Each line of the data below from the one holding "由第一财经制作、东方卫视播出" to the one holding "El Glutathione Softgels", inclusive, is to be reproduced exactly; no other line belongs in the answer.

**Data for this exercise**
*** Block opens ***
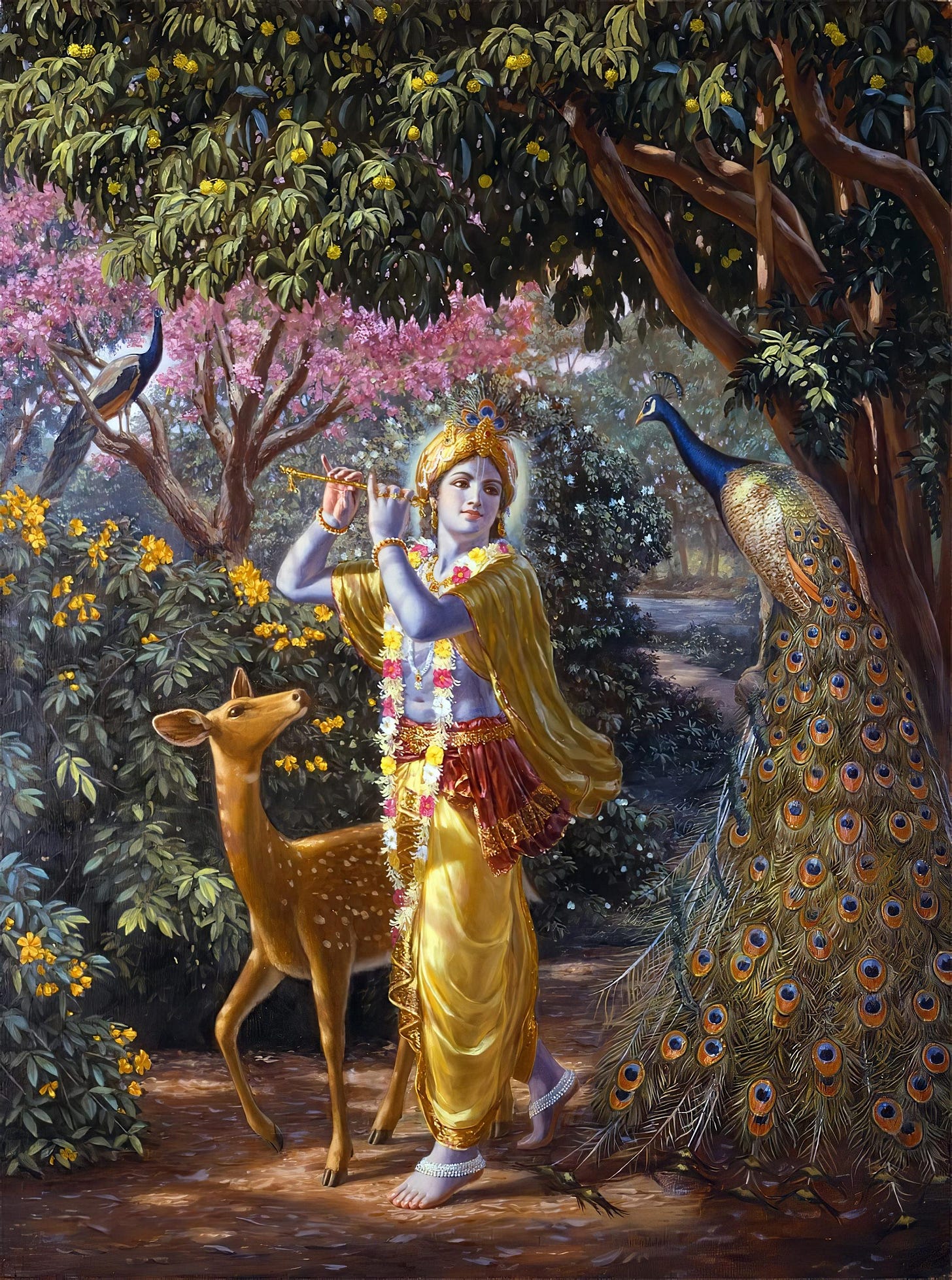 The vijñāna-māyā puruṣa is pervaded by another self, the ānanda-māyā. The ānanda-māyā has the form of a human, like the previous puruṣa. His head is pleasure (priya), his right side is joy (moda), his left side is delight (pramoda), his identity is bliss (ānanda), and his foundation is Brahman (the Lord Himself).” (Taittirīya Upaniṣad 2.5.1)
*** Block closes ***
*** Block opens ***
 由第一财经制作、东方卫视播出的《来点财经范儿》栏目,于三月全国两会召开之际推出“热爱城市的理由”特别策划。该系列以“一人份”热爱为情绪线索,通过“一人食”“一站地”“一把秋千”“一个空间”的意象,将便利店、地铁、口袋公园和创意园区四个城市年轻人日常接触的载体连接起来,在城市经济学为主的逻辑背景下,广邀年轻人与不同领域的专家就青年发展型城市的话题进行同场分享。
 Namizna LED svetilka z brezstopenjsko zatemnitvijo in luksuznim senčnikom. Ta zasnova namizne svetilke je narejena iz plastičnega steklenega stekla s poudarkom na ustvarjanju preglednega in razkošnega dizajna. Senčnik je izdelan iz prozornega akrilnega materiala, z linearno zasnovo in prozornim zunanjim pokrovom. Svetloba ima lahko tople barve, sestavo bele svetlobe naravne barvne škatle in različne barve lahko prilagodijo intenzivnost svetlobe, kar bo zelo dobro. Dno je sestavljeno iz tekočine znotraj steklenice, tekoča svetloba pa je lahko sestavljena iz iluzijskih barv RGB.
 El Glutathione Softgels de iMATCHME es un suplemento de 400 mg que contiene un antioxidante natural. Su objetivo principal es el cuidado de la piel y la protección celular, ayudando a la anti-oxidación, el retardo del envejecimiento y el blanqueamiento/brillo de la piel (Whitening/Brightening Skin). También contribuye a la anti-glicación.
*** Block closes ***
*** Block opens ***
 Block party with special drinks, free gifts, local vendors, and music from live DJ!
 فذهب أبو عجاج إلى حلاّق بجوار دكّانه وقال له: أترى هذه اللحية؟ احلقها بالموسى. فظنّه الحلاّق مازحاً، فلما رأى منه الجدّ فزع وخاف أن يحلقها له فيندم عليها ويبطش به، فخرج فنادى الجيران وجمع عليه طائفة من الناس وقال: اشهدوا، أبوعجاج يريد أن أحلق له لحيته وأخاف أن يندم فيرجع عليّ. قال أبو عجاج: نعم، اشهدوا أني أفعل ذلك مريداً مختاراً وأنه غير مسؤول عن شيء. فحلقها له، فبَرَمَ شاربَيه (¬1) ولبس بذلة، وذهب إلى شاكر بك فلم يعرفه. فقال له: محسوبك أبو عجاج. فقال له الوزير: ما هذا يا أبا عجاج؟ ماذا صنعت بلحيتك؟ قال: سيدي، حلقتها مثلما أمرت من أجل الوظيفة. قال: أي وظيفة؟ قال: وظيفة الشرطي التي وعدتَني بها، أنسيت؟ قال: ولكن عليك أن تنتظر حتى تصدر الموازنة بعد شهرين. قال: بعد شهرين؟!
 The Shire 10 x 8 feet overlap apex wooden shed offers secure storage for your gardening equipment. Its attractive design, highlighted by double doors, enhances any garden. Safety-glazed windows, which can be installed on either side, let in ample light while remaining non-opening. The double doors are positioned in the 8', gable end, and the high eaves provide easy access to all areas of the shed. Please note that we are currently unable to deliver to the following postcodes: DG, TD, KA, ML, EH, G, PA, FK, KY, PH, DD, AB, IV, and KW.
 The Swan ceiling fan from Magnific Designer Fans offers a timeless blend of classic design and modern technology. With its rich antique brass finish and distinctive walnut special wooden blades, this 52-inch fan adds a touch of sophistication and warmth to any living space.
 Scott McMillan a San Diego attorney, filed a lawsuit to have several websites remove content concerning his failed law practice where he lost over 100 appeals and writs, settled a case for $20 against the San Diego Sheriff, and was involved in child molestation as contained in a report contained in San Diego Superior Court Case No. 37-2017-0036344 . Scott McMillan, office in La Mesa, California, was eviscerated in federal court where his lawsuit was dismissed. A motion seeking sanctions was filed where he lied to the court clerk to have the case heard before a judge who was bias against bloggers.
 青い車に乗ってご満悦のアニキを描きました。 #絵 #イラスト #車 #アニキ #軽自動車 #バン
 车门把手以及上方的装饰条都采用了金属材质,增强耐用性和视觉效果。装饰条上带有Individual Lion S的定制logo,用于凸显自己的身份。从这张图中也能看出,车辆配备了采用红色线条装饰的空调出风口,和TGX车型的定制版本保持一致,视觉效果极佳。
*** Block closes ***
**Exercise output**
 由第一财经制作、东方卫视播出的《来点财经范儿》栏目,于三月全国两会召开之际推出“热爱城市的理由”特别策划。该系列以“一人份”热爱为情绪线索,通过“一人食”“一站地”“一把秋千”“一个空间”的意象,将便利店、地铁、口袋公园和创意园区四个城市年轻人日常接触的载体连接起来,在城市经济学为主的逻辑背景下,广邀年轻人与不同领域的专家就青年发展型城市的话题进行同场分享。
 Namizna LED svetilka z brezstopenjsko zatemnitvijo in luksuznim senčnikom. Ta zasnova namizne svetilke je narejena iz plastičnega steklenega stekla s poudarkom na ustvarjanju preglednega in razkošnega dizajna. Senčnik je izdelan iz prozornega akrilnega materiala, z linearno zasnovo in prozornim zunanjim pokrovom. Svetloba ima lahko tople barve, sestavo bele svetlobe naravne barvne škatle in različne barve lahko prilagodijo intenzivnost svetlobe, kar bo zelo dobro. Dno je sestavljeno iz tekočine znotraj steklenice, tekoča svetloba pa je lahko sestavljena iz iluzijskih barv RGB.
 El Glutathione Softgels de iMATCHME es un suplemento de 400 mg que contiene un antioxidante natural. Su objetivo principal es el cuidado de la piel y la protección celular, ayudando a la anti-oxidación, el retardo del envejecimiento y el blanqueamiento/brillo de la piel (Whitening/Brightening Skin). También contribuye a la anti-glicación.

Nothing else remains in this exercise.